Другое, более сильное, доказательство тому, что точное подражание не есть цель искусства, заключается в соображении, что некоторые из искусств неточны даже с умыслом. Прежде всего – скульптура. Обыкновенно статуи бывают одного цвета, бронзового или мраморного; кроме того, глаза у них без зрачков. И именно это однообразие цвета, это смягчение внутреннего душевного выражения завершают их красоту. Между тем взгляните на соответственные произведения, в которых подражание доведено до последней крайности. В церквах Неаполя и Испании есть раскрашенные и одетые статуи, изваяния святых в настоящем монашеском платье, с желтоватым землистым цветом кожи, как оно и следует у людей, проводивших аскетическую жизнь, с окровавленными руками и прободенным бедром, как подобает мученикам. А рядом с ними поставлены мадонны в царственных одеждах и праздничных уборах, разряженные в разноцветные шелка, чудные диадемы, драгоценные ожерелья, самые свежие ленты и великолепные кружева, мадонны с розовым цветом кожи, с блестящими глазами, со зрачками из цельного карбункула. Таким избытком чересчур уж точного подражания художник вселяет не удовольствие, но какое-то отталкивающее чувство, часто отвращение, а иногда прямо ужас.

То же бывает и в литературе. Большая часть драматической поэзии, весь греческий и французский классический театр, большая часть испанских и английских драм не только не представляют точной передачи обыкновенного разговора, но нарочно изменяют человеческую речь.
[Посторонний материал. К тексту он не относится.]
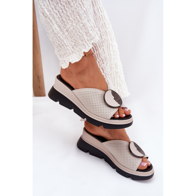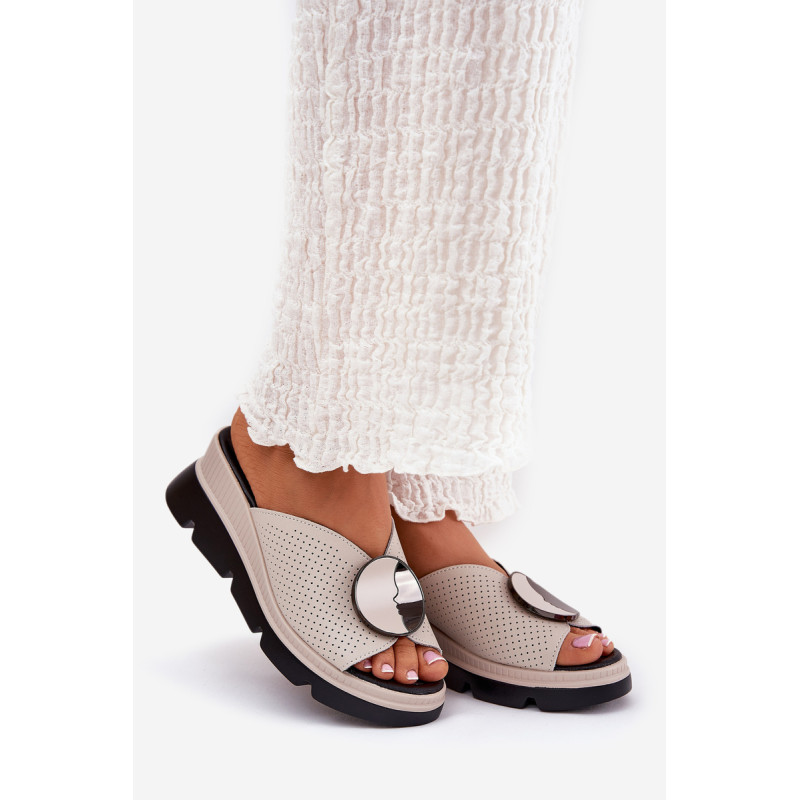 Moteriški šlepetės iš prekės ženklo S.Barski. Pagaminti iš natūralios odos. Įrengti ant platformos su pakulne. Išsiskiria dekoratyviniu detaliu priekyje. Comfor padas užtikrina komfortą ir puikų amortizavimą visą dieną. Madingas ir elegantiškas modelis, kurį tikrai galėsite priderinti prie daugelio stilizacijų! Renkantis dydį, vadovaukitės dydžių lentele.
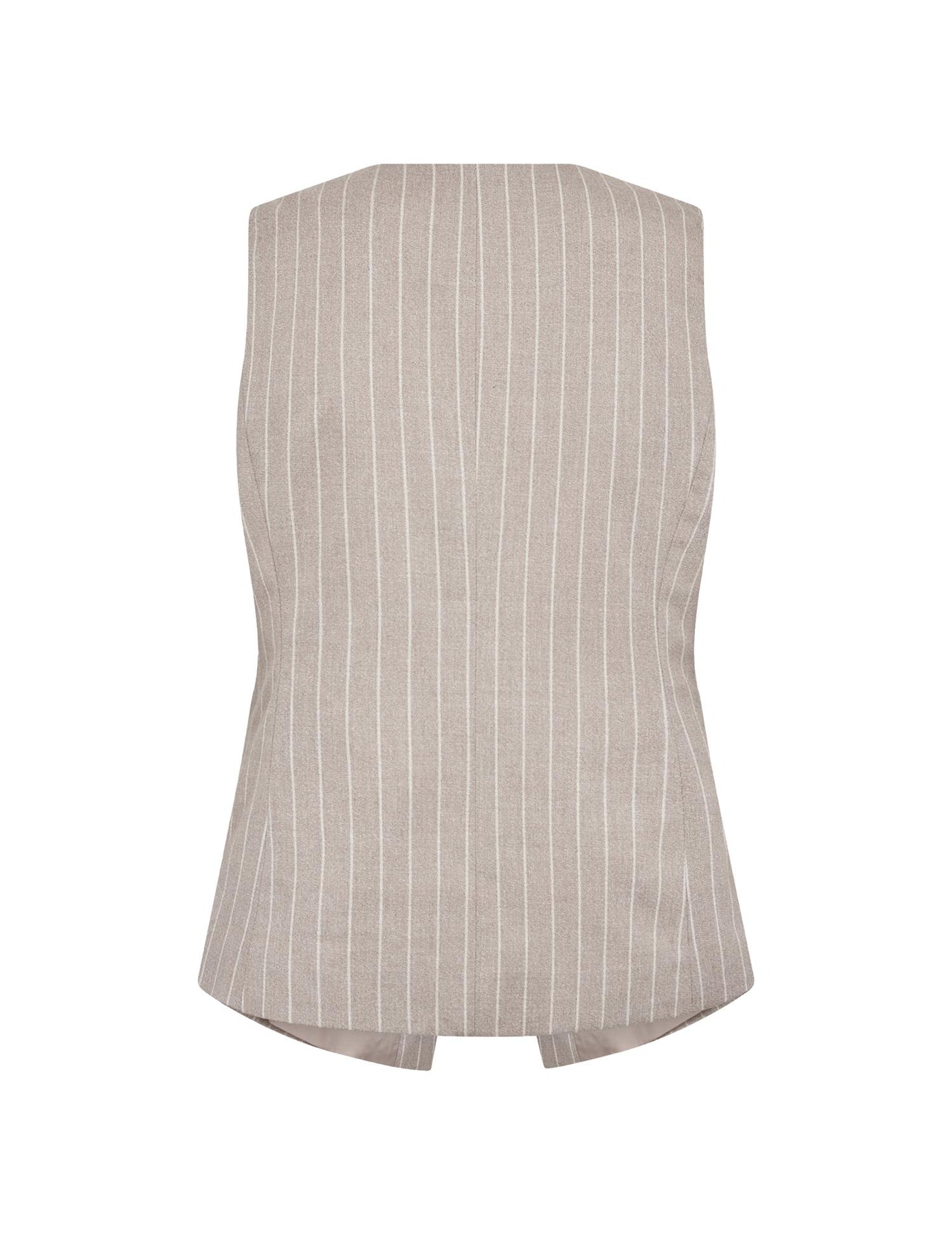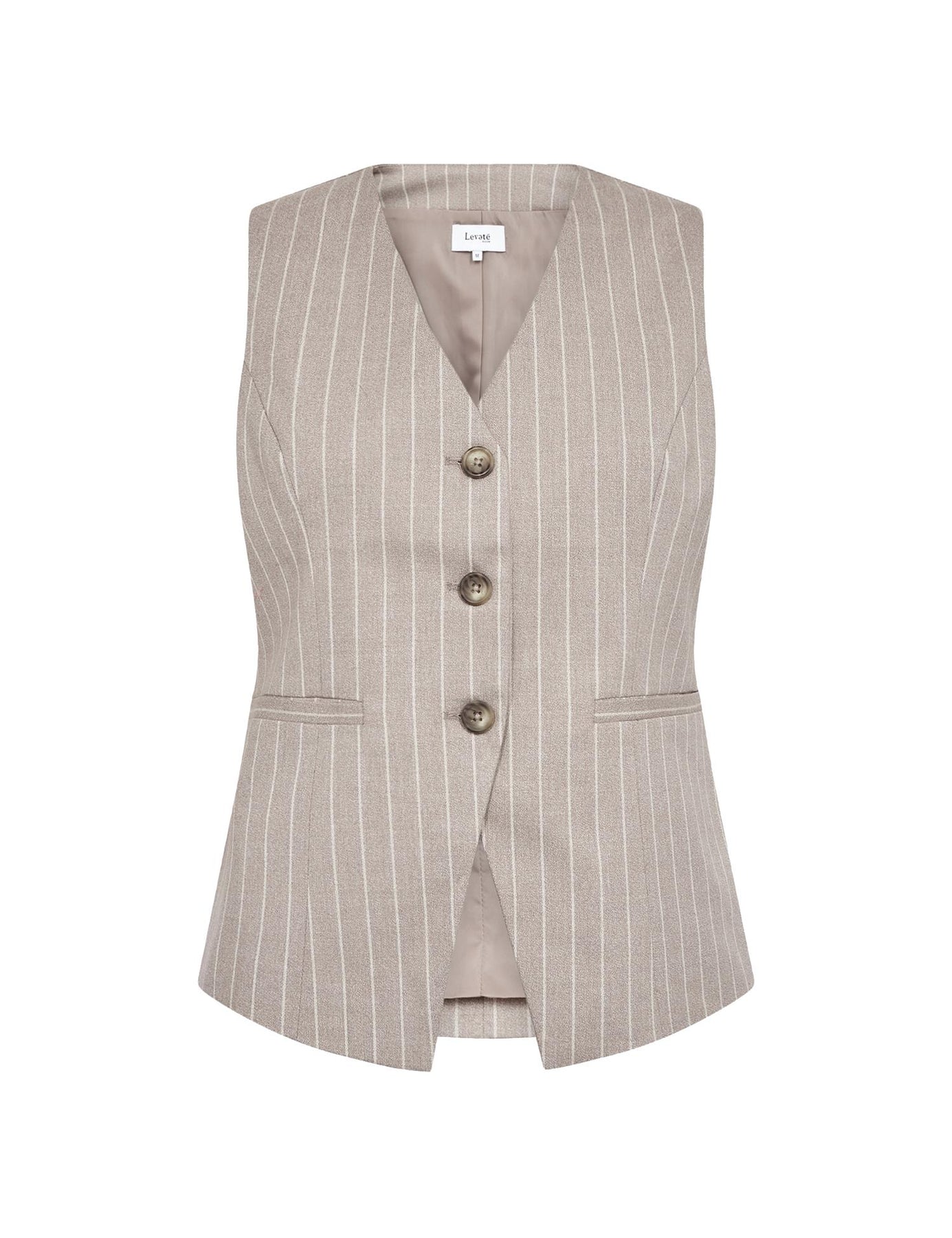 En vest med tett passform som sitter pent over skjorte eller bluse. Laget av 64% resirkulert polyester, 34% viskose og 2% elastan. Materialmiksen gir litt stretch som gjør at vesten følger kroppen uten å stramme. Den har en beige stripet struktur som gir et fint uttrykk. Tre knapper foran og god lengde som dekker hoften. Holder formen gjennom hele dagen.
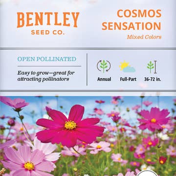Pinks, purples, and whites bring color to any garden all season long! Bentley Seed Sensation Cosmos are wonderful as a cut flower. Deadhead to have blooms all summer. Easy to grow and even easier to enjoy! Growing Instructions: In a prepared garden bed, sprinkle seeds over soil. Keep moist until seedlings emerge. Thin seedlings to 8 inches apart. Seed Information: Lifecycle: Annual Time to Maturity: 7 weeks Sun Requirement: Full sun Spacing: 8" apart Depth: 1/4 inch 80-85 Seeds Per Packet Bloom Season: Summer to fall Height: 36" - 72" Low Maintenance: Yes Seeds/Oz: 5,000 Sowing Method: Direct Sow Uses: Cottage garden Bee attractant Butterfly attractant Wildflower Additional Information: Plant Scientific Name: Cosmos bipinnatus Packet Size: 3 ¼" x 4 ½" Online resale prohibited
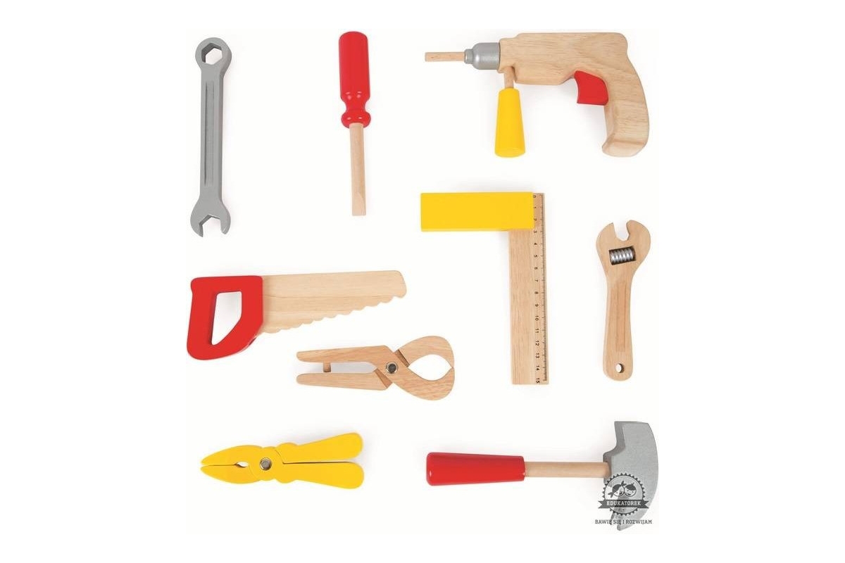 młotek, kombinerki, piłę, śrubokręt, klucz francuski, wiertarkę, klucz i kątomierz.
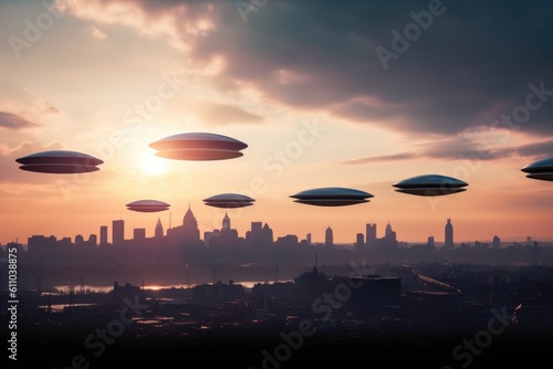 Poster row of flying saucers hovering above the city skyline, created with generative ai
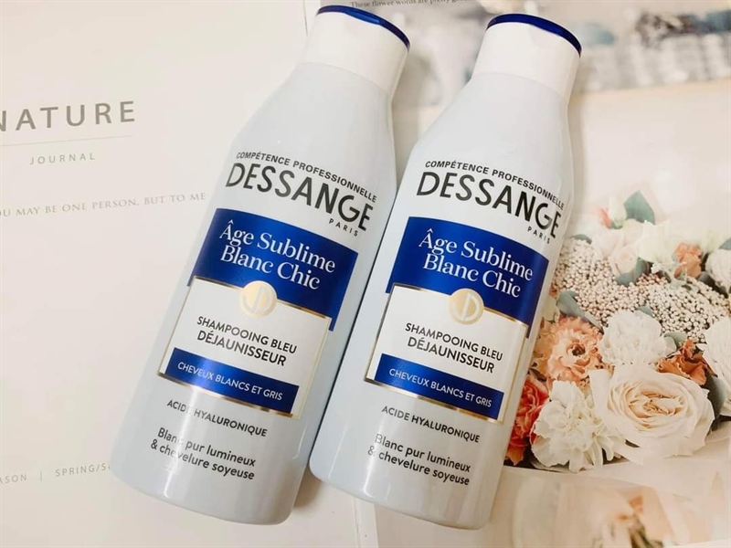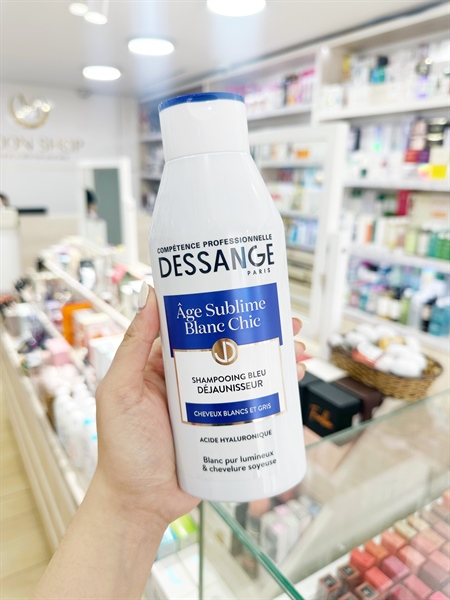Dầu gội DESSANGE Age Sublime Blanc Chic để trung hòa phản xạ màu của tóc và làm hồi sinh sự bóng mượt , chắc khoẻ của mái tóc bị bạc sớm hoặc chớm bạc

Каждый из этих драматургов заставляет говорить своих действующих лиц стихами, вкладывает в слова их ритм, а часто и рифму. Вредит ли искусству эта неестественность выражения? Нисколько. Это всего поразительнее доказано было на одном из величайших произведений нашего времени – «Ифигении» Гёте, написанной сперва прозою и затем стихами. Она прекрасна в прозе, но какая разница в стихах! Здесь, видимо, это изменение обыкновенного языка, это введение ритма и метра придают пьесе какой-то необыкновенный отпечаток, ясную возвышенность, широкое и выдержанное трагическое пение, при звуках которого дух подымается над пошлостями обыденной жизни и видит перед своими глазами героев древних дней, забытое племя первобытных атлетов, и между ними царственную деву, истолковательницу воли богов, хранительницу законов, благодетельницу человечества, в которой сосредоточиваются вся доброта и все благородство человеческой натуры, чтобы прославить ими человечество и возвысить наше сердце.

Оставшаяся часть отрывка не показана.